The shape of things to come?

issue 14 October 2006

The Dutch film-maker Theo Van Gogh had quite a send-off. As per the plans he drew up himself before his death, the memorial party organised by the Friends of Theo was adorned with a rock band, comedians, miniskirted cigarette girls, and female guests in twin-sets and pearls — something Van Gogh had found an erotic turn-on. A wooden coffin rotated on a platform surrounded by champagne bottles, and the room was scattered with ‘phallic cacti’.
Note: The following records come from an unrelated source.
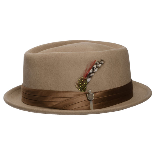 Chapeau Pork Pie Stout en Laine Feutrée beige sable BRIXTON
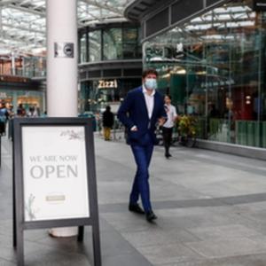 7月26日,一名戴口罩的男子從英國(guó)倫敦維多利亞一家開放的餐廳旁走過。
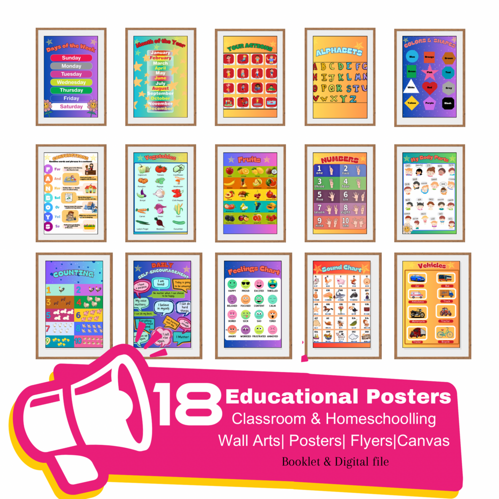 Calling all educators and homeschool heroes! Unleash the power of learning with our Digital Educational Poster 18 Set Bundle. Tailored for teachers and homeschool parents, this collection is a curriculum companion like no other. Elevate your lessons with visually captivating posters spanning various subjects. Empower your students with engaging visuals that make learning memorable. Instant download for instant inspiration—because education should be extraordinary!
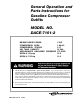 GENERAL OPERATION AND PARTS FOR GASOLINE COMPRESSOR OUTFITS MODEL NO. DACE-7161-2 Call our Toll Free Number 1-800-888-2468, Ext 2, then 1, to obtain the location of the nearest Authorized Service Center for ordering repair parts and for warranty repairs. When ordering repair parts from your local Authorized Service Center, always give the following information: • Model number of your product • Part number and description of the item you wish to purchase WARRANTY Attach Sales Receipt Here.
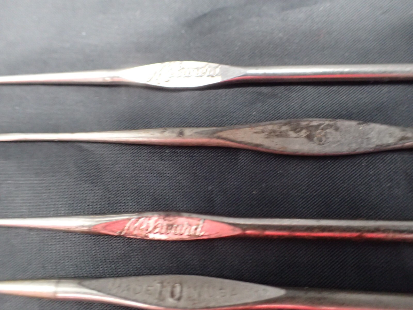 как выглядит Vintage LOT of 20 Crochet Hooks Steel Aluminum Bone Boye Assorted Brands 12 фото

On stage were two stuffed goats, supposedly there for anyone who felt the urge to have sex with one. This alluded, defiantly, to what had caused all the trouble in the first place. ‘Goat-f****r’ was Van Gogh’s preferred term for a Muslim. And not long previously, Van Gogh had been calmly shot off his bicycle in the street, and then all but decapitated, by a 26-year-old Dutch Moroccan called Mohammed Bouyeri.

Bouyeri used a knife to attach an open letter to Van Gogh’s chest, addressed to Ayaan Hirsi Ali, the radical Somali-born politician with whom Van Gogh had made a film called Submission, featuring verses from the Koran projected onto the naked bodies of young women. Bouyeri’s letter denounced ‘Zionists’, ‘Crusaders’, the Jewish cabal that runs the Netherlands, and announced that Islam would prevail ‘through the blood of martyrs’. As he remarked to a passer-by while committing the murder, ‘Now you know what you people can expect in the future.’

Buruma returned to Holland on a magazine assignment after Van Gogh’s death. ‘There was something unhinged about the Netherlands in the winter of 2004, and I wanted to understand it better,’ he writes. Why, he wonders, is a place whose benign traditions of liberal negotiation, a place whose historical character has been, as he puts it, satisfait, seen an irruption of violence and irrationality. The cover image — a downed bicycle — is a wry little metonym.

This interesting short book is neither quite a work of history nor quite a polemical essay; rather, it’s a meandering, journalistic attempt to put these events in the context of Holland’s history, distinct intellectual traditions and political set-up.